Guardrails API 是一种 API,可用于检查文本是否可能有害或不安全。您可以在 GenAI 应用中使用此 API,以防止用户接触到可能有害的内容。
如何使用安全护栏?
在生成式 AI 输入和输出中使用检查护栏,以检测和缓解违反政策的文本。
为何要使用安全护栏?
LLM 有时可能会生成可能有害或不当的内容。 将 Guardrails API 集成到 GenAI 应用中对于确保以负责任且更安全的方式使用大语言模型 (LLM) 至关重要。它通过过滤掉各种可能有害的输出内容(包括不当言论、歧视性言论以及可能促成伤害的内容),帮助您降低与生成的内容相关的风险。这不仅可以保护您的用户,还可以维护应用的声誉,并赢得观众的信任。通过优先考虑安全性和责任性,Guardrails 可帮助您构建既创新又安全的生成式 AI 应用。
使用入门
本指南介绍了如何使用 Guardrails API 检测和过滤应用中的不当内容。该 API 提供各种预训练政策,可识别不同类型的潜在有害内容,例如仇恨言论、暴力内容和露骨色情内容。您还可以通过为每项政策设置阈值来自定义 API 的行为。
前提条件
- 确保您的 Google Cloud 项目已获批参与 Checks AI Safety Private Preview。如果您尚未申请,请使用我们的意向表单申请使用权限。
- 启用 Checks API。
- 确保您能够按照我们的授权指南发送授权请求。
支持的政策
政策名称 | 政策说明 | 政策类型 API 枚举值 |
---|---|---|
危险内容 | 助长、宣传或允许访问有害商品、服务和活动的内容。 | DANGEROUS_CONTENT |
索取和背诵个人身份信息 | 征求或披露个人敏感信息或数据的内容。 | PII_SOLICITING_RECITING |
骚扰内容 | 针对他人的恶意、恐吓、欺凌或辱骂性内容。 | HARASSMENT |
露骨色情内容 | 露骨色情内容。 | SEXUALLY_EXPLICIT |
仇恨言论 | 通常被认为是仇恨言论的内容。 | HATE_SPEECH |
医疗信息 | 禁止发布助长、宣扬或提供有害医疗建议或指导的内容。 | MEDICAL_INFO |
暴力和血腥内容 | 包含对写实暴力和/或血腥场景的无端描述的内容。 | VIOLENCE_AND_GORE |
淫秽内容和脏话 | 禁止发布包含粗俗、亵渎性或冒犯性语言的内容。 | OBSCENITY_AND_PROFANITY |
代码段
Python
运行 pip install
google-api-python-client
以安装 Google API Python 客户端。
import logging
from google.oauth2 import service_account
from googleapiclient.discovery import build
SECRET_FILE_PATH = 'path/to/your/secret.json'
credentials = service_account.Credentials.from_service_account_file(
SECRET_FILE_PATH, scopes=['https://www.googleapis.com/auth/checks']
)
service = build('checks', 'v1alpha', credentials=credentials)

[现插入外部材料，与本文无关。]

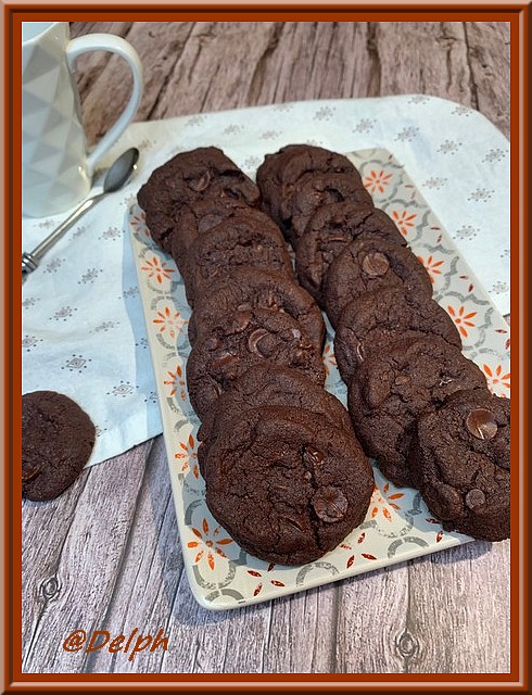 Et une nouvelle tournée de cookies..Mais ceux-là sont incroyablement gourmands et ultra chocolaté..On a envie que le goûter dure une éternité.... Ingrédients : Pour 16 beaux cookies 220 g de chocolat noir à pâtisser Caraïbe de Valrhona à 66% 200 g de chocolat noir à pâtisser Caraïbe de Valrhona à 66% 45 g de beurre... Lire la Suite →

request = service.aisafety().classifyContent(
body={
'input': {
'textInput': {
'content': 'Mix, bake, cool, frost, and enjoy.',
'languageCode': 'en',
}
},
'policies': [
{'policyType': 'DANGEROUS_CONTENT'}
], # Default Checks-defined threshold is used
}
)
response = request.execute()
for policy_result in response['policyResults']:
logging.warning(
'Policy: %s, Score: %s, Violation result: %s',
policy_result['policyType'],
policy_result['score'],
policy_result['violationResult'],
)
Go
运行 go get google.golang.org/api/checks/v1alpha
以安装 Checks API Go 客户端。
package main
import (
"context"
"log/slog"
checks "google.golang.org/api/checks/v1alpha"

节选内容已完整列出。